__ABOUT THIS EXERCISE__. Look through the material below and copy exactly the lines from the line with "Общая площадь 41 м2" to the line with "Clear glasss perfume", those two lines included.

__TASK INPUT__.
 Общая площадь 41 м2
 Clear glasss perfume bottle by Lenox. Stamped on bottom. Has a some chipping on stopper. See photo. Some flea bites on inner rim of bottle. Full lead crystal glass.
...
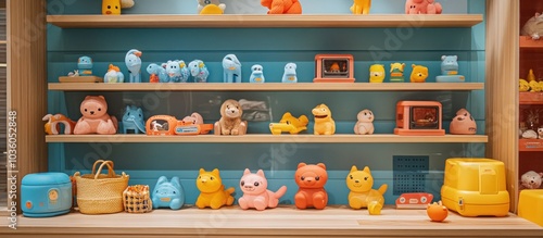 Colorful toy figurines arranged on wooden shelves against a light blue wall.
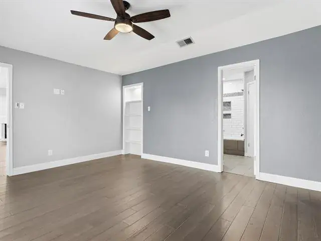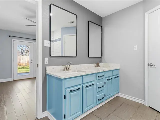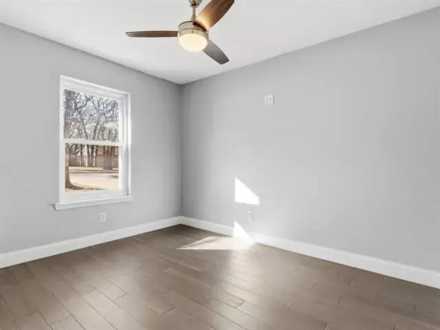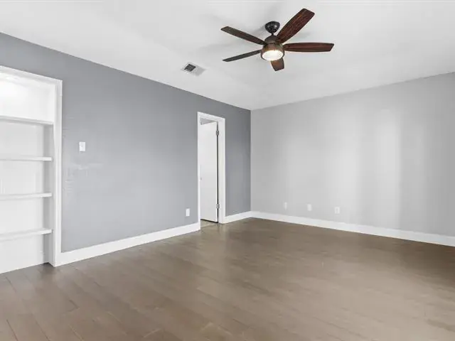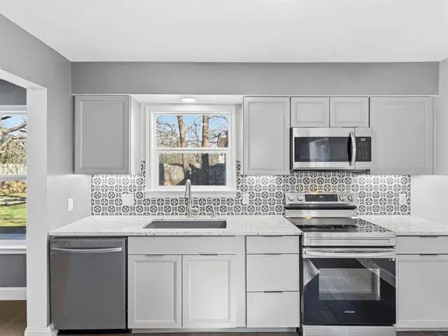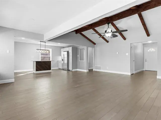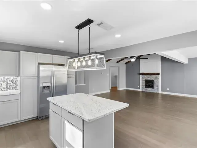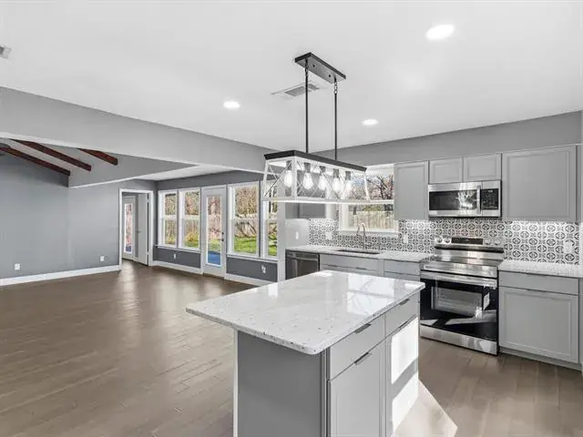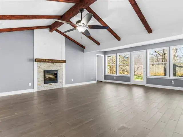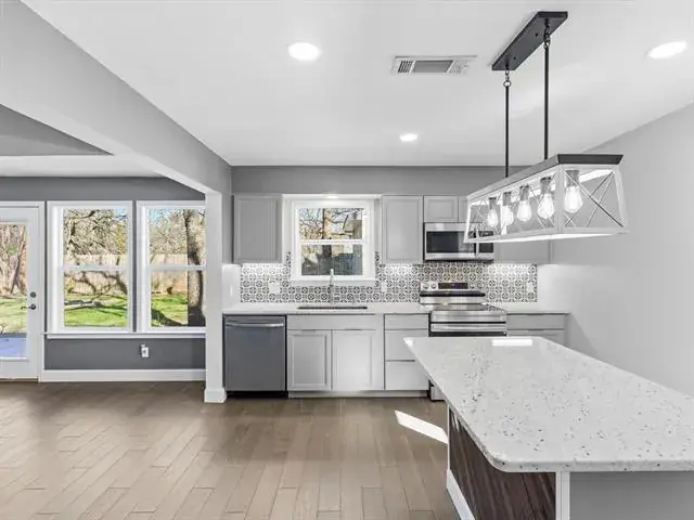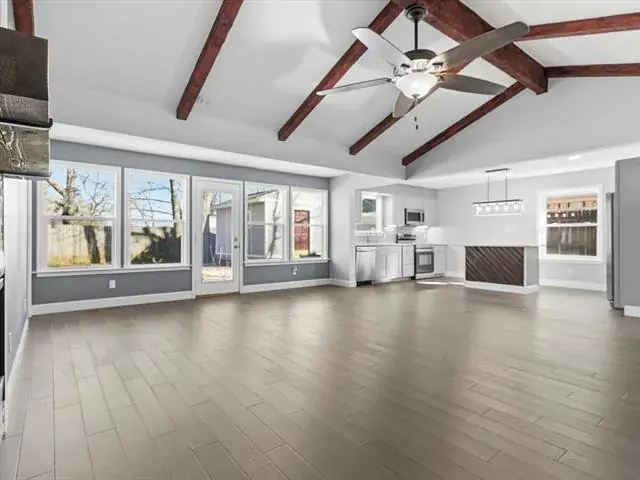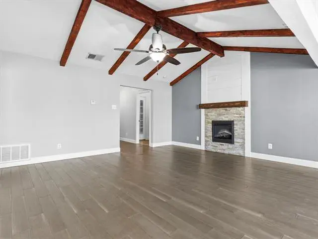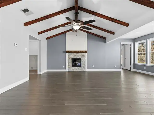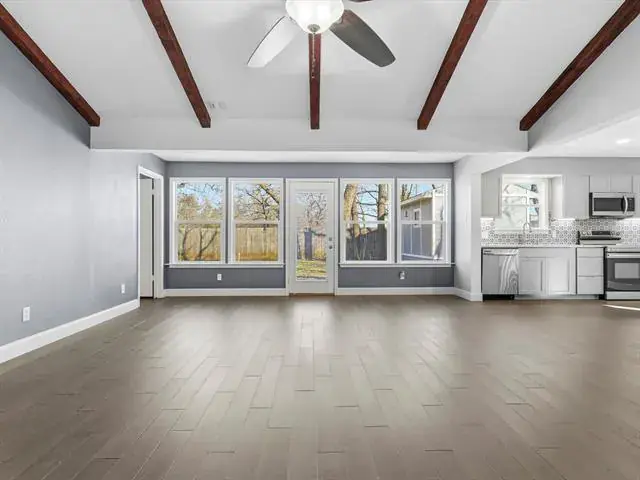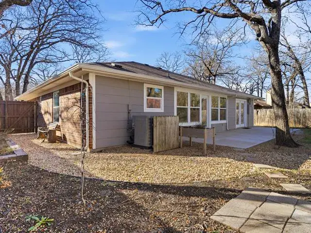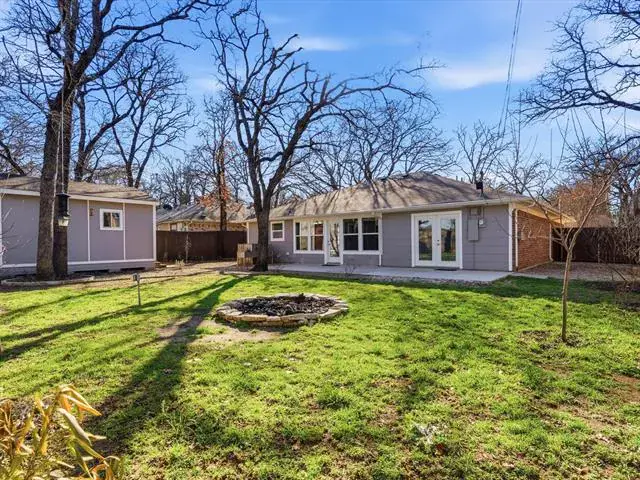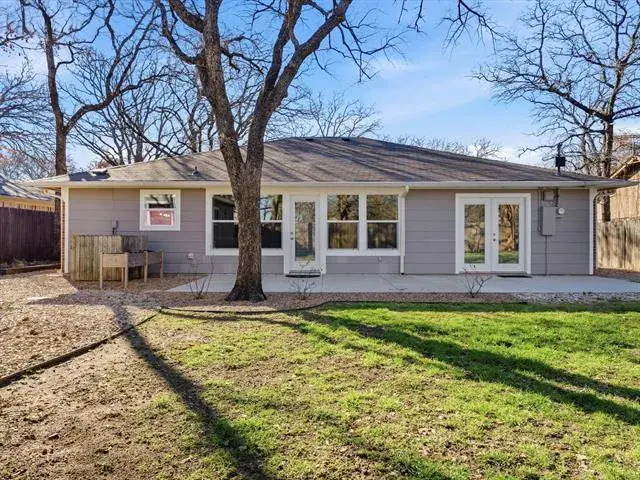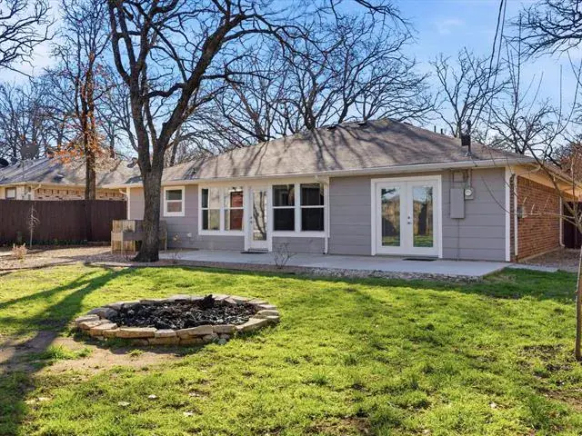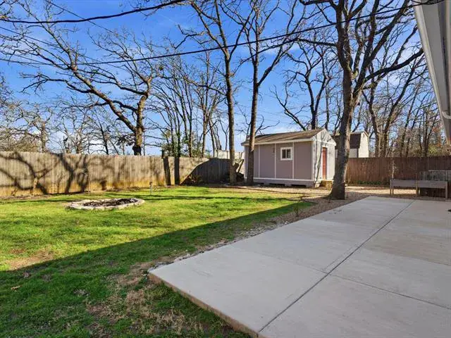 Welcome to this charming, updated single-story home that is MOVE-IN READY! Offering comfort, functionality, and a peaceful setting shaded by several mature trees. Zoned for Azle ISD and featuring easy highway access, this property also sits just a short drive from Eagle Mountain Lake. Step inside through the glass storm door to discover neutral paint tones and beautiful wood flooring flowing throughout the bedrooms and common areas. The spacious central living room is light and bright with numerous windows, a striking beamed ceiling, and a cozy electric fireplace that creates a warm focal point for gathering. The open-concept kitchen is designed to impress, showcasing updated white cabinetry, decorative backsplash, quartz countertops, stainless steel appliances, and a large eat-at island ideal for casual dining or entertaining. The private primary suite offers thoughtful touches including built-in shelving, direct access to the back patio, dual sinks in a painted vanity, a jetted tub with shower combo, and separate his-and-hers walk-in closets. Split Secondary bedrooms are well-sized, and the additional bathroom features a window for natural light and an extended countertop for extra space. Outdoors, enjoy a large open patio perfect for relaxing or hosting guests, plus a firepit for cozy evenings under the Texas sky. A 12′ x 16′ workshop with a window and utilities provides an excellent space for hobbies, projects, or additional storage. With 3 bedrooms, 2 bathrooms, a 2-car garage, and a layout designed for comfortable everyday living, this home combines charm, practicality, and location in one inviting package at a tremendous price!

__ANSWER BOX__.
 Общая площадь 41 м2
 Clear glasss perfume bottle by Lenox. Stamped on bottom. Has a some chipping on stopper. See photo. Some flea bites on inner rim of bottle. Full lead crystal glass.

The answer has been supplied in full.